‘Semaphore perfect,’ she said airily. ‘But I must confess my Morse needs brushing up. And anyhow, if you remember, I was running to the telephone when I passed you in that dark passage and had no time at all to see what Greta was winking about. She was such a bore, anyway, I never could stick her. So what happened to her after that?’
Heatherley pursed his lips. ‘I’m afraid, my dear Sophia, that it was not very pleasant,’ he said. ‘You must remember that my job is counter-espionage, that I have to suppress my own personal feelings rigidly, and that very very often I am obliged to do things which are obnoxious to me.’
‘Like in Somerset Maugham’s books?’
‘Just like – I am glad you appreciate my point. Well, it seems that Florence wasn’t feeling any too sure about Greta, who was, of course, one of her corps, and was particularly anxious that Greta should not come up before the Aliens’ tribunal as she would probably have made mistakes and given them all away, Florence and the rest of them. Also her papers were not foolproof. So, at Florence’s bidding, of course, Winthrop and I carried her on the stretcher, just as you saw her, gagged and bound, and put her into the main drain which flows, as you may not know, under the First Aid Post.’

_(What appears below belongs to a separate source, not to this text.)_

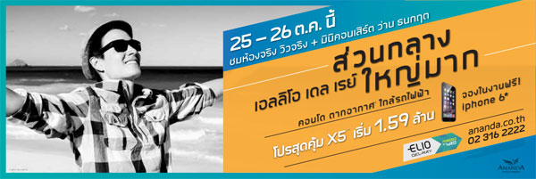 ในวันที่ 25-26 ต.ค. 57 ที่จะถึงนี้ ทางโครงการเอลิโอ เดล เรย์ เตรียมจัดโปรโมชั่นสุดคุ้ม "X5" มอบส่วนลด ณ วันโอนฯ สูงสุด 200,000 บาท และเฟอร์นิเจอร์แต่งครบ พิเศษกว่า ฟรี!! ค่าสวนกลาง 1 ปี ค่ากองทุนแรกเข้า และค่าธรรมเนียมการโอน พร้อมข้อเสนอผ่อนชำระเงินจอง และทำสัญญา 30,000 บาท ดอกเบี้ย 0% นาน 10 เดือน (ตามเงื่อนไขที่บริษัทกำหนด) ในราคาเริ่มต้นเพียง 1.59 ล้านบาท และจองในงานรับ iPhone 6 ฟรี! ชมห้องจริง วิวจริงก่อนใคร พร้อมชมมินิคอนเสิร์ตจาก ว่าน ธนกฤต และร่วมสนุกกับกิจกรรมต่างๆ มากมาย ณ โครงการ เอลลิโอ เดล เรย์ สุขุมวิท 64

Sophia screamed again. Heatherley went on, ‘Yes, my dear Sophia, counterespionage is a dangerous, disagreeable profession. I should like you to remember this and be most careful, always, how you act. It is absolutely necessary for you to trust me and do exactly what I say on every occasion. We are in this together now, remember, you and I.’
Sophia did not so much care about being in anything with Heatherley, and hoped that all this would not lead to being in bed with him; she seemed to remember that such things were part of the ordinary day’s work of beautiful female spies. On the other hand, she felt that she would, if necessary, endure even worse than death in order to be mixed up in this thrilling real-life spy drama. The horrible end of poor Greta served to show that here was the genuine article. Fancy. The main drain. Sophia shuddered. No wonder Miss Edwards saw something queer going on under her feet.

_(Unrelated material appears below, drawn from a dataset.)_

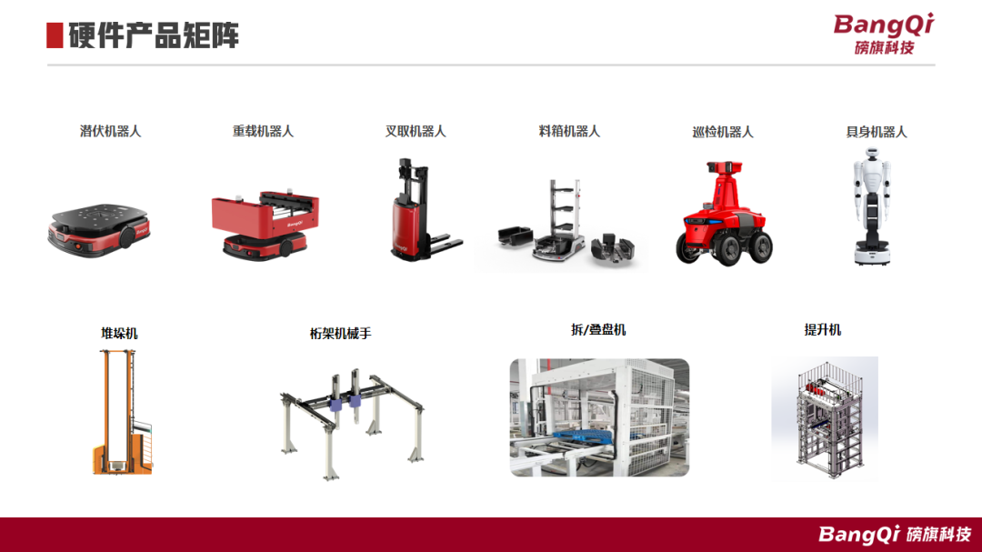 为满足电池制造多场景、高精度的作业需求,磅旗科技打造了智能机器人集群,形成从基础搬运到重载作业的全覆盖能力。

‘Now, Sophia, I hope you realize,’ Heatherley said, ‘that whatever happens you are not to tell a living soul about all this. You and I are watched day and night by unseen eyes. These are evil things that we are fighting – yes, evil, and very clever. The telephone, to this house and to the Post, is tapped by Florence’s men; our letters are read and our movements followed. We may have got away with this conversation simply by daring to hold it here, in the heart of the enemy country; on the other hand, we may not. As you leave this room, masked men may seize upon us and carry us, on stretchers, to the fate which befell you know who. Of course, if you were to go to anybody in authority with this tale, the gang would know it, and would disperse like a mist before the sun – at the best my work of months would be destroyed, at the worst you and I would suffer the supreme penalty. I may tell you that the War Office and Scotland Yard are watching over us in their own way, and I have secret means of communicating with them. By the tenth of November, as I told you before, I shall have all the evidence I need, and then the whole lot can be rounded up. Meanwhile, you and I, Sophia, must be a team. Now you should go back to your room; this conversation has already lasted too long. I shan’t be able to speak to you like this again until all is over, SO REMEMBER.’

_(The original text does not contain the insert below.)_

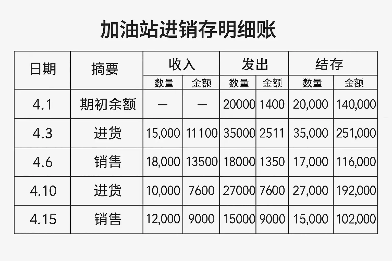 采用表格形式管理这些数据,有助于直观跟踪库存流转,提升加油站运营效率。

Heatherley squeezed back into his cupboard, and Sophia, highly elated and with her pain quite forgotten, skipped off and slid down the banisters to her own landing. They had evidently got away with that conversation all right, as no masked men pounced out on her and she was soon in bed, kicking Milly off the warm patch which she wanted for her own feet.
10
When Sophia awoke the next day, she had the same feeling with which, as a child, she had greeted Christmas morning, or the day of the Pantomime. A feeling of happy anticipation. At first, and this also was like when she was little, she could not even remember what it was all about; she simply knew that something particularly lively was going to happen.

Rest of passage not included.